In seconda battuta, si può dare una “inversione delle prospettive”. Se “assumo il mio limite”, riconosco di essere me stesso in rapporto negativo ad altri; ma, così facendo, metto fuori gioco altri, oggettivandolo a mia volta. «L’altro diventa allora ciò che io mi faccio non essere». A questo punto, le sue possibilità le contemplo e, al limite, le rifiuto. L’altro, se oggettivato, diventa come una macchina fotografica puntata su di me: non ha più uno sguardo suo proprio, che non rientri nel campo disposto dal mio guardare.
Se non che, l’atteggiamento rivendicativo ora descritto è contraddittorio: infatti, esso determina che io mi definisca in relazione a quell’altro che rifiuto (come il satanista fa, a ben vedere, nei confronti di Dio, cercando in tutti i modi di offenderlo e di contraddirlo). Nella rivendicazione di ipseità, dunque, riconosco l’essenzialità a me dell’altro, proprio come presupposto inevitabile per tentarne l’oggettivazione.
La variante estrema di questa contraddizione (del negare riconoscendo) si ha quando altri viene costretto a oggettivarmi come voglio io, o comunque a riconoscermi come suo “signore”. Si tratta di una operazione impossibile a realizzarsi secondo l’intenzione che le è propria.
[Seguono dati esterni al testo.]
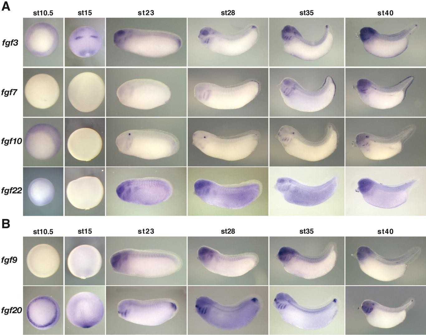 | fgf20 | XFGF-20, xfgf20 | X. tropicalis | Throughout NF stage 15 | mesoderm
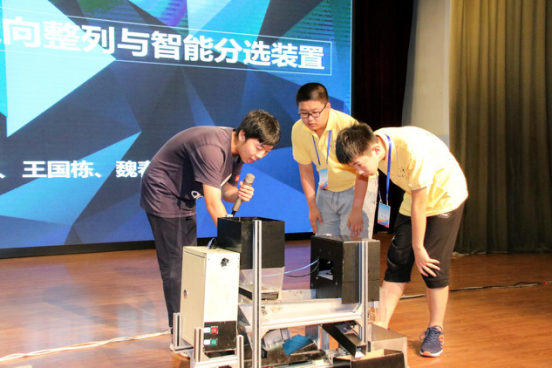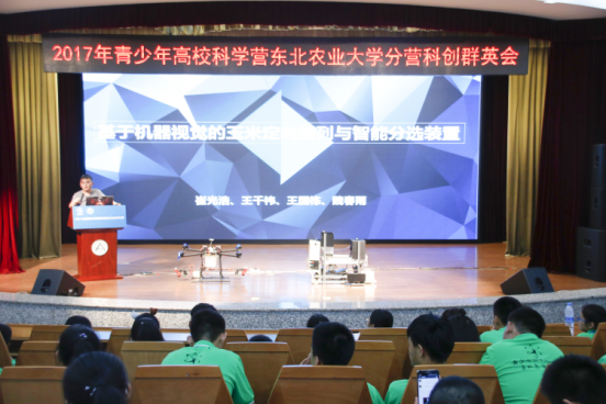 齐森茂、周生杰、殷航、郎继超、魏春雨五位科创界的优秀成员依次上台为大家介绍自己在科创之路上的成长经历以及具有代表性的科创作品。他们表示:在科技创新的路上,没有奇迹可言,必须做好自己的本分工作,才能取得成功。讲座期间,他们详细地讲解了自己的作品,并号召大家投身于科创事业。最后,魏春雨同学向大家展示了玉米整列与智能分选装置,并邀请两名营员上台近距离观察装置,营员们看到装置的运作过程后,纷纷对其智能程度表示惊叹。

Quanto alla questione (“metafisica”) del “perché” ci siano altre coscienze, essa non trova risposta – secondo Sartre. Si può solo rilevare che altri è la condizione, non della autocoscienza pre-riflessiva, bensì della sua riflessività, cioè del suo disporsi verso di sé come verso qualcosa da indagare. L’indeducibilità d’altri – il suo (d’altri) dover apparire di fatto - è illustrata in questo modo: «il fatto che non basta che io neghi di me l’altro, perché l’altro esista, ma bisogna anche che l’altro mi neghi di sé, simultaneamente alla mia negazione: [questa] è la fattività dell’essere-per-altri».